See also https://fedoraproject.org/wiki/QA:Updates_Testing for more information on how to test updates.

Comment 9 Fedora Update System 2022-05-26 02:33:53 UTC
FEDORA-2022-b2cde267d9 has been pushed to the Fedora 35 testing repository.
Soon you'll be able to install the update with the following command:
`sudo dnf upgrade --enablerepo=updates-testing --advisory=FEDORA-2022-b2cde267d9`
You can provide feedback for this update here: https://bodhi.fedoraproject.org/updates/FEDORA-2022-b2cde267d9

See also https://fedoraproject.org/wiki/QA:Updates_Testing for more information on how to test updates.

Comment 10 Fedora Update System 2022-05-26 03:21:33 UTC
FEDORA-2022-014c3a24d9 has been pushed to the Fedora 34 testing repository.
Soon you'll be able to install the update with the following command:
`sudo dnf upgrade --enablerepo=updates-testing --advisory=FEDORA-2022-014c3a24d9`
You can provide feedback for this update here: https://bodhi.fedoraproject.org/updates/FEDORA-2022-014c3a24d9

See also https://fedoraproject.org/wiki/QA:Updates_Testing for more information on how to test updates.

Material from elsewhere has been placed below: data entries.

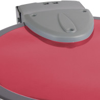 Korpus aus verzinktem Stahl mit grauer Korrosionsschutzbeschichtung. Kann drinnen und draußen verwendet werden. Mit offenem Deckel oben. Deckel in wählbarer Farbe mit eingelassenem Logo. Integrierter Inneneimer.
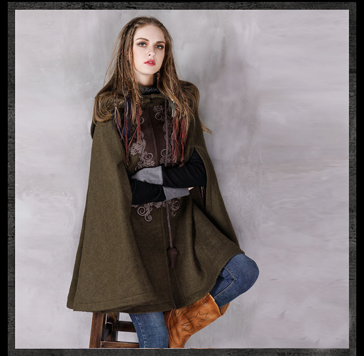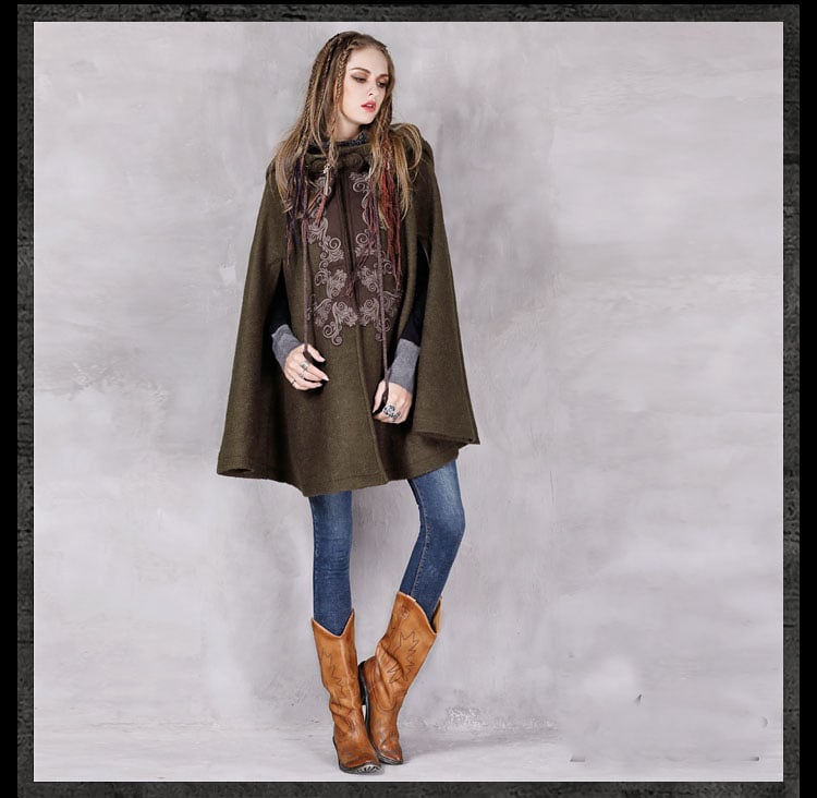 ARTKA KEER BRITISH RETRO STYLE PANCHO WOOLEN COAT IN DARK GREEN
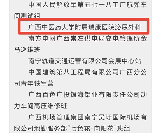 2023年3月,全国创建青年文明号活动组委会启动了第21届全国青年文明号推荐工作,经逐级推荐、择优遴选、严格把关和集中评审,确定了1935个集体为第21届全国青年文明号拟命名集体。其中点点体育第一附属医院四肢骨伤科、附属瑞康医院泌尿外科、附属国际壮医医院风湿病科上榜本届全国青年文明号拟命名集体名单!
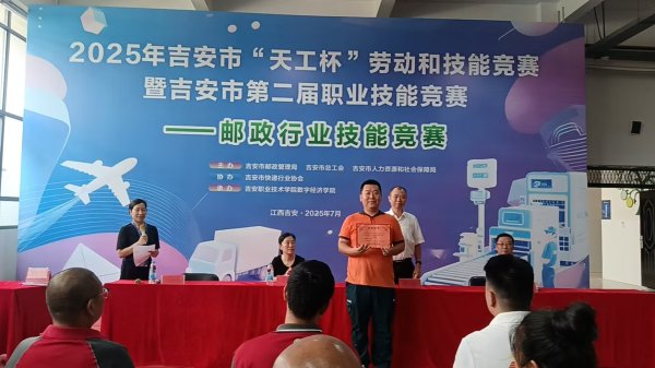 7月8日,2025年江西吉安市“天工杯”勞動和技能競賽暨吉安市第二屆職業(yè)技能競賽郵政行業(yè)技能競賽在吉安職業(yè)技術(shù)學院圓滿落幕。本次竟賽共有個10代表隊47名選手參賽,吉安郵政代表隊憑借扎實的專業(yè)功底與出色的臨場發(fā)揮,在競賽中勇創(chuàng)佳績,包攬一、二等獎。
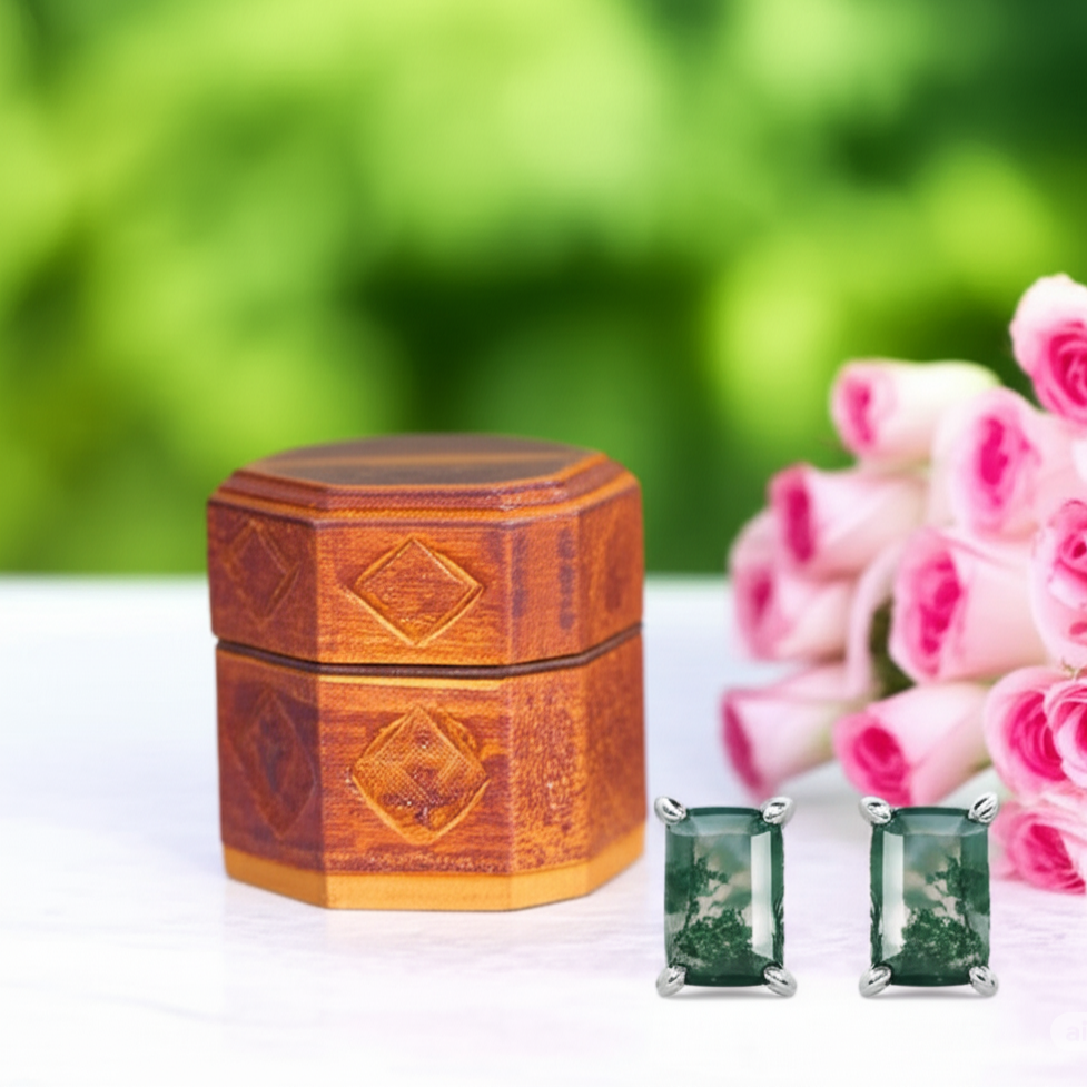 Crafted from lustrous 925 sterling silver, these exquisite Emerald Cut Moss Agate Stud Earrings feature stunning Moss Agate gemstones. Upgrade your style with this luxurious, one-of-a-kind piece.

Comment 11 Geraldo SimiĆ£o 2022-05-26 13:02:31 UTC
This update fixed the bug, no more perf crashes.
perf-5.17.11-300.fc36.x86_64

Comment 12 Fedora Update System 2022-05-28 01:15:05 UTC
FEDORA-2022-8095b23575 has been pushed to the Fedora 36 stable repository.
If problem still persists, please make note of it in this bug report.

Comment 13 Fedora Update System 2022-05-28 01:21:54 UTC
FEDORA-2022-b2cde267d9 has been pushed to the Fedora 35 stable repository.
If problem still persists, please make note of it in this bug report.

Comment 14 Fedora Update System 2022-05-28 01:32:27 UTC
FEDORA-2022-014c3a24d9 has been pushed to the Fedora 34 stable repository.
If problem still persists, please make note of it in this bug report.